Interrupted
My Life Thus Far
The Longest Day
It's been the longest day. Not at all bad, but let me tell you, I'm pleased as a peach to be in my bed right now. And equally pleased that I don't have to get up at 6am tomorrow morning! I actually get to sleep a full 8 hours... if I'm done writing in 16 minutes, which is doable if I focus. I shall try.
There are those days where it feels like I maximize every moment of it. Today was one of those days. I took a look at my S Health results and I was on the move the entire day. With the exception of my lunch. I sat for a bit then. Otherwise, I was either working or hitting store after store, trying to get the kids Christmas presents. I don't like waiting this late, but I wasn't given too many options. It's about 99% done. I feel like I'm still missing something (which is why I can't say 100%), but the vast majority of it is done. I just need a marathon wrapping session and I'm good to go.
Nothing about my demeanor was different from any other day, but for whatever reason customers seemed to love me! I had several ask to speak with a manager to tell them how wonderful I was. It's flattering, but funny. I do the same behaviors day in and day out and usually don't get much praise for it, but today I was a rock star! It feels good to be appreciated, for sure. I think a lot has to do with people coming in who aren't regular shoppers. Our regular customers know what a bra fitting specialist is and understand that I'm there to help with ever minute detail of their bra shopping experience. Seasonal shoppers aren't familiar with our level of service, so it seems revolutionary that someone would be there to walk them through the entire process. It's the one thing I love most about my job. The one on one connections, and they were on point today!

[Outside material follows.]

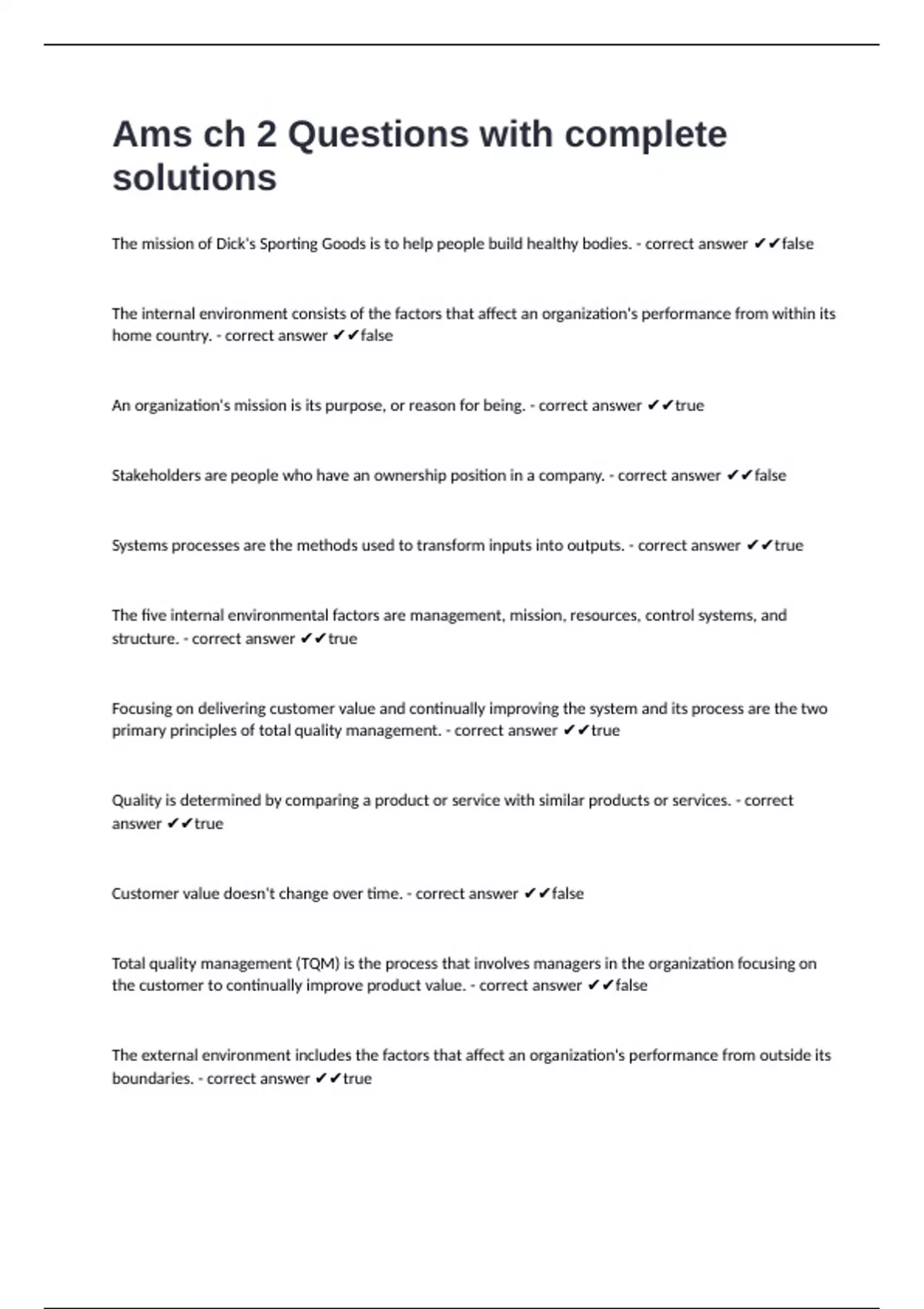 business environment are the factors that make up the external environment. - correct answer ✔✔false
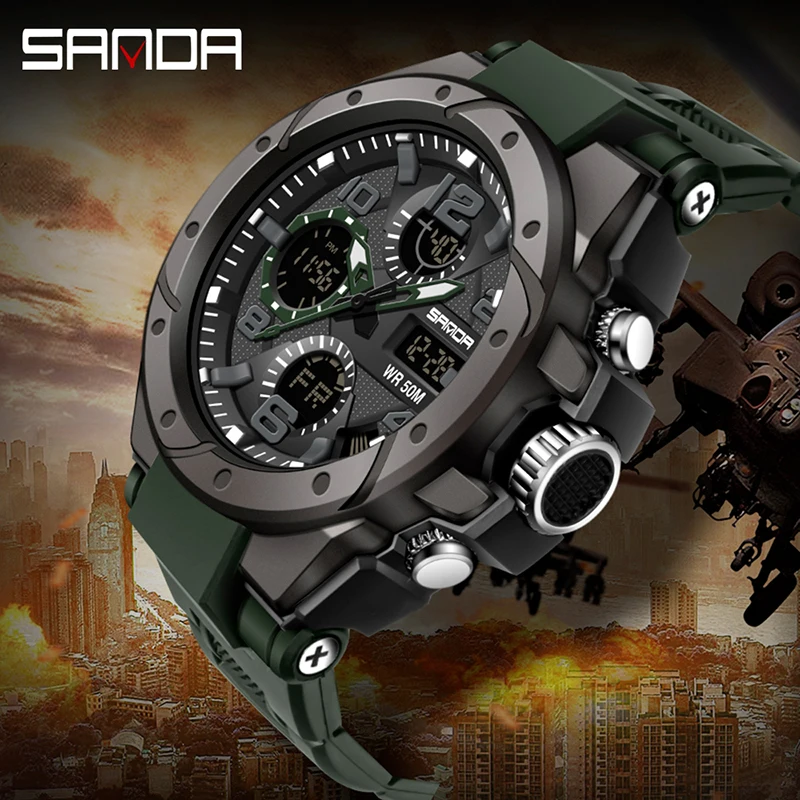 Часы наручные SANDA Мужские Цифровые, Брендовые спортивные модные ударопрочные с секундомером, с двойным временем подсветки, подарок

After work I started the even more daunting job of Christmas shopping. It never fails. I'm always stuck between two thought processes. The first being "oh my GOD, I've spent SO MUCH MONEY" and "I didn't buy enough. I didn't do enough. They need more. I'm a lousy parent. They won't be happy". Deep in my soul I know that has never been the case. Even the years we were tighter than we are now. My kids have always been grateful. I got them thoughtful/useful/personalized gifts. They'll be happy, and I need to allow myself to let go of the notion that I haven't bought them enough. It's more than enough, honestly.
When I got home, Logan was here. Annie's new boyfriend. I like him. Even more important, Snookums likes him! This boy (well, man I suppose. He's 19) is charismatic, charming, friendly, polite, so well-mannered, and pretty. He's very handsome in a delicate kind of way. Much like how I expect Keenan to look as he gets older. Soft features with a bit of a rugged edge. I can't decide if he's truly as wonderful as he seems, or if he's too good to be true and will eventually hurt Annie. It's not my place to meddle in those sorts of things, though. I'm happy if Annie's happy, and she is. Happier than she ever was with Omar, and just as happy as she was with Colin before things started to go down hill.
My knee is so bad now. I wore a knee brace all day at work, but by the end of my shift my knee had swollen to the point where the knee brace kept rolling down, and my knee was swelling over the brace. I started experiencing numbness in my foot and a shooting pain going up my thigh (I assume from the compression). I texted Snookums about it and he called and made me an appointment for tomorrow. Because I'm too stubborn to do it myself. And I'm still hoping it will resolve itself. But it probably won't. I need to come to terms with that. For tonight, I'm going to take a few hits of cannabis and luxuriate in a full 8 hours sleep. Funny how sleep becomes so much more coveted as an adult. I'd kill to have all those unwanted naps from childhood back!